Only the lines below from the one containing "Si terrà domani" through the one containing "Gabon, Republic, National" belong in the answer, set down exactly, with the pictures left out.
*** Opening DATA PROVIDED ***
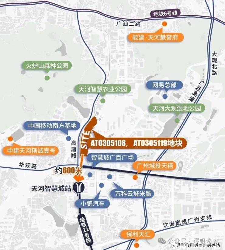 项目坐落于广州天河区天河智慧城核心板块,地处广州第三中轴“活力创新轴”的核心发展区段,是天河区近年重点打造的科创产业与宜居生活融合板块。天河区作为广州的经济、金融、科创核心,2025年GDP总量持续领跑全市,汇聚了全市超70%的高新技术企业、超60%的科创人才,而天河智慧城作为天河科创产业的核心承载地,已入驻企业超2500家,其中包含超300家高新技术企业、超50家总部型企业,形成了以人工智能、数字经济、软件信息为主导的产业集群,稳定的产业基础为板块居住价值提供了坚实支撑。项目所处的AT0305108、AT0305119地块,是天河智慧城核心区内少有的住宅用地,2024年11月由珠江实业联合体以32.5亿元总价竞得,折合楼面价约2.81万元/㎡,是板块内近3年少有的大规模住宅用地供应。项目北临高唐路,南接华观路,处于天河智慧城政务、商业、产业三大功能区的交汇位置,既承接了珠江新城、金融城、琶洲三大核心CBD的外溢居住需求,又享受了科创板块的发展红利,周边3公里范围内覆盖了天河智慧城政务服务中心、天河人才港等核心公共服务配套,是天河区内兼具成熟度与成长性的居住板块。相较于天河区其他板块,项目所在区域既规避了老城区的界面老旧、配套更新缓慢的问题,又避免了远郊板块配套缺失、发展周期长的短板,在产业、交通、配套的多重加持下,形成了独立且完善的居住生态圈,在广州城市东进的发展脉络中,占据了核心的价值节点。
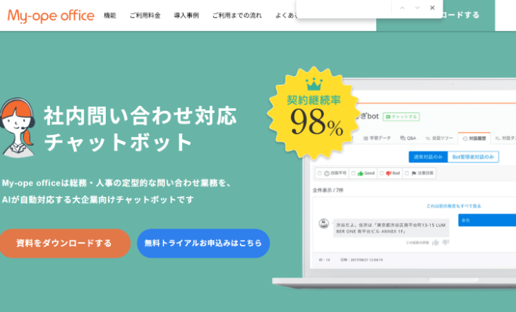 My-ope officeはチャット形式でAIが学習していく機能を搭載しているチャットボットです。
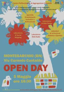 Si terrà domani 5 maggio, presso il centro Polifunzionale di Aggregazione giovanile di Montesarchio, dalle 16 e 30 alle 18 e 30, l’Open day del progetto “TED – Territorio Educativo”, finanziato dall’impresa sociale “Con i Bambini”, attuato dalla cooperativa “Era” e promosso dal comune di Montesarchio.
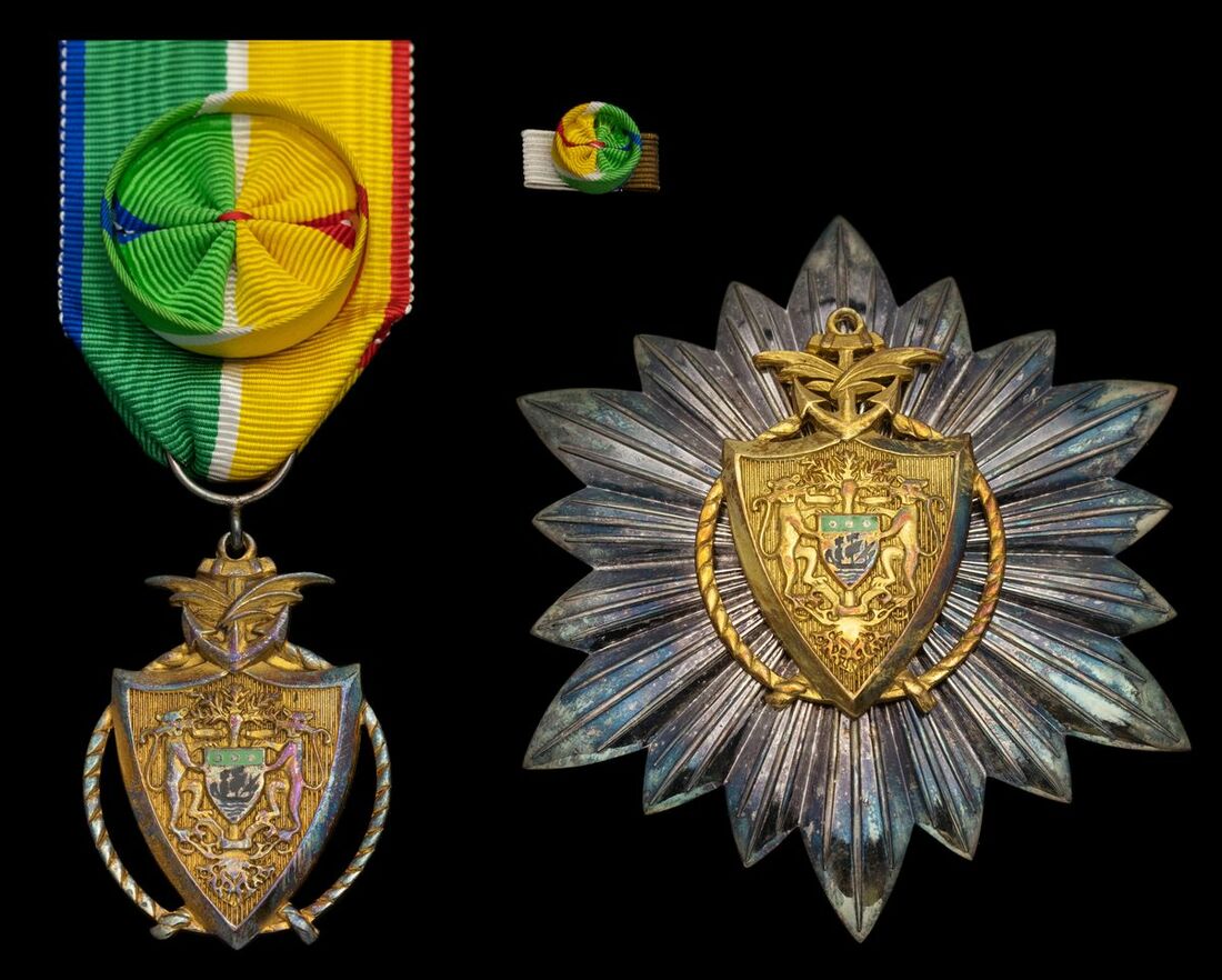 Gabon, Republic, National Order of Merit, Grand Officer's set of Insignia, by Arthus Bertrand, Paris, comprising breast Badge, with rosette, 32mm; breast Star, 68mm, silver, silver-gilt and enamel, reverse cartouche loose, good very fine, with boutonnière and in fitted case of issue
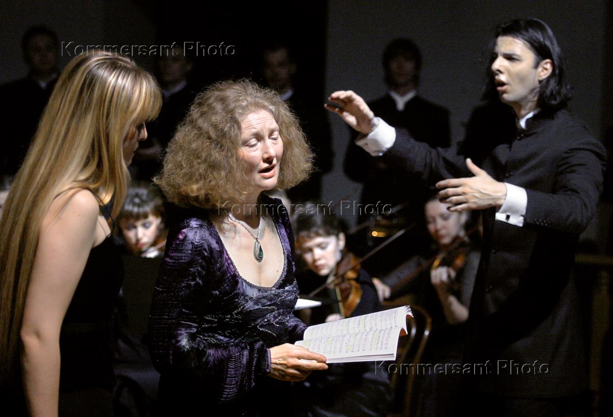 Главный дирижер Новосибирского государственного академического театра оперы и балета Теодор Курентзис (справа) и оперная певица из Великобритании Эмма Керкби (сопрано) (в центре) во время представления оперы "Дидона и Эней" на сцене Школы драматического искусства.
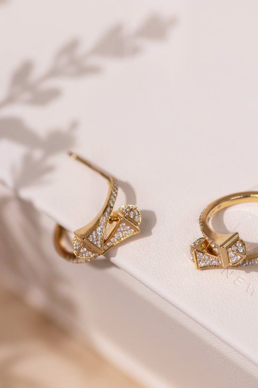 Marli Cleo Yellow Gold Diamond Huggie Earrings & Ring in Red Coral
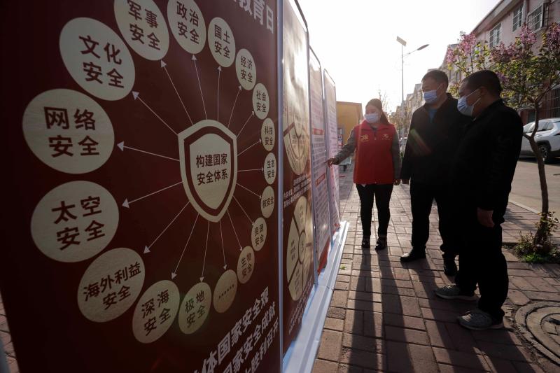 4月14日,居民在河北省遵化市西三里鎮(zhèn)一社區(qū)觀看國家安全相關(guān)知識(shí)展覽。
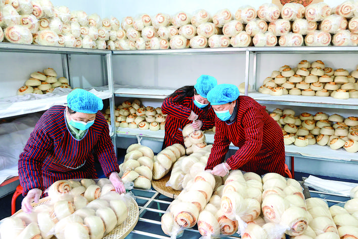 ◀1月7日,平陆县曹川镇鸿佳庄园油窝窝作坊内,弥漫着浓浓的年馍香味,员工们忙着装袋发货。
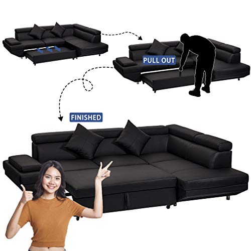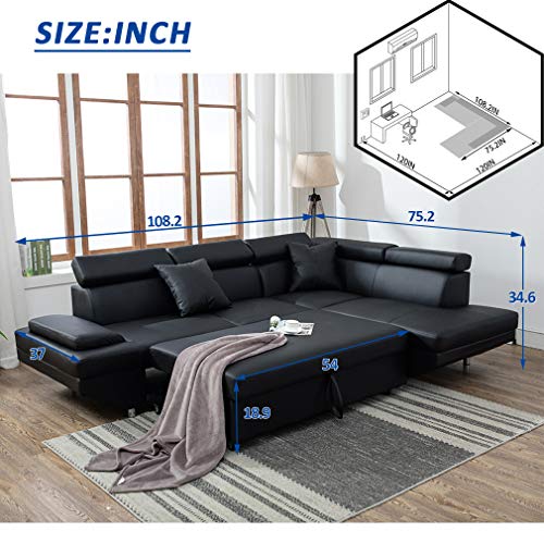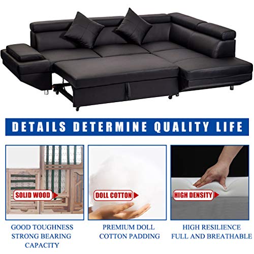 FDW Sofa Sectional Sofa Bed futon Sofa Bed Sofa for Living Room Couches and Sofas Sleeper Sofa PU Leather Sofa Set Corner Modern Queen 2 Piece Contemporary Upholstered,Black
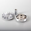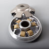 A variator is a component in a motorcycle's continuously variable transmission (CVT) system, commonly found in scooters and some automatic motorcycles. It is responsible for adjusting the gear ratio smoothly and continuously as the vehicle accelerates or decelerates. The variator consists of a set of adjustable pulleys and weights that change their position relative to each other, altering the diameter of the pulley and thus the gear ratio. This allows for seamless acceleration and efficient power delivery without the need for manual gear changes. The variator helps optimize engine performance and fuel efficiency by providing a range of gear ratios for varying riding conditions.
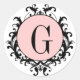 Elegante Pariser schicke rosa Schwarzweiss-Monogramm-Aufkleber mit Damast-Entwurf. Kunst und Entwurf durch Elke Clarke ©2010.Customize mit Ihren Monogramminitialen- und -hochzeitsfarben.
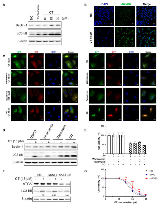 Figure 4. Autophagy occurred in A549 cells in the presence of CT. (A) WB of autophagy markers levels in A549 cell lines treated with a series dose of CT. The cells were treated with 10, 15, and 20 µM CT for 24 h, regarding cholesterol (20 µM) as an isotype control. β-actin was used as a loading control. (B) Immunofluorescence detection of cytoplasmatic LC3 levels in A549 cells exposed to 15 µM CT for 24 h. Upper row: negative control cells. Lower row: CT 15 µM-treated cells. Left column: DAPI-labeled nuclei. Middle column: anti-LC3 antibody conjugated FITC visualized LC3 puncta. Right column: two-color overlay showed diffuse LC3 cytoplasmic puncta (Scale bar: 20 µm). (C) Presence of autophagosomes (yellow) in mRFP-GFP-LC3 adenovirus-transfected cells after 15 µM CT treatment with or without autophagy-interfering reagents (Scale bar: 20 μm). (D) WB of LC3 levels under the presence of three types of autophagy-interfering reagents and 15 µM CT. The cells were pre-treated with wortmannin (50 nM), rapamycin (2 µM), or CQ (10 µM) for 1 h, then incubated with 15 µM CT for 24 h. (E) The effect of autophagy-interfering reagents on CT-induced cell death. The cells were pre-treated with 50 nM wortmannin, 2 µM rapamycin, or 10 µM CQ for 1 h, then incubated with 20 µM CT for 24 h. Cell viability was assessed using a CCK-8 kit. Statistical significance was determined using two-way ANOVA with Dunnett’s post-test, n = 3. (F) WB of LC3 levels in Atg5-silenced A549 cells. The cells were incubated with 15 µM CT for 24 h. (G) The cytotoxicity of CT in Atg5-silenced A549 cells. The shAGT5-transfected A549 cells were incubated with a series dose of CT for 24 h. Cell viability was assessed using a CCK-8 kit. Statistical significance was determined using two-way ANOVA with Dunnett’s post-test, n = 3. ** p < 0.005, *** p < 0.001, shATG5 cells compared with the NC group.
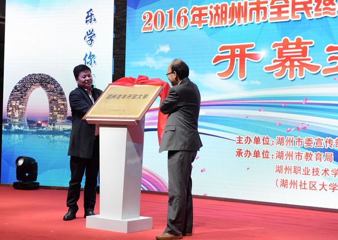 方新旗宣布2016年湖州市终身学习活动周开幕。眭宝良与周家健共同为湖州老年开放大学揭牌,周家健为湖州社区大学首批六家终身教育与学习体验基地合作单位授牌。开幕式上,2016年湖州市“百姓学习之星”、“终身学习品牌项目”、中老年书画摄影大赛等各类获奖代表分别获得表彰。市民代表、2016年湖州市“百姓学习之星”厉奇山宣读《终身学习倡议书》,向全体市民发出“全民学习、终身学习”的倡议。
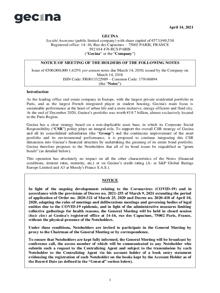 April 14, 2021, GEMINI So cit Antonym (public limited company) with share capital of 573,949,530 Registered office: 1416, Rue DES Calcines 75002 PARIS, FRANCE 592 014 476 RCS PARIS (Gemini or the
*** Closing DATA PROVIDED ***
**ANSWER TO THE PROBLEM**:
 Si terrà domani 5 maggio, presso il centro Polifunzionale di Aggregazione giovanile di Montesarchio, dalle 16 e 30 alle 18 e 30, l’Open day del progetto “TED – Territorio Educativo”, finanziato dall’impresa sociale “Con i Bambini”, attuato dalla cooperativa “Era” e promosso dal comune di Montesarchio.
 Gabon, Republic, National Order of Merit, Grand Officer's set of Insignia, by Arthus Bertrand, Paris, comprising breast Badge, with rosette, 32mm; breast Star, 68mm, silver, silver-gilt and enamel, reverse cartouche loose, good very fine, with boutonnière and in fitted case of issue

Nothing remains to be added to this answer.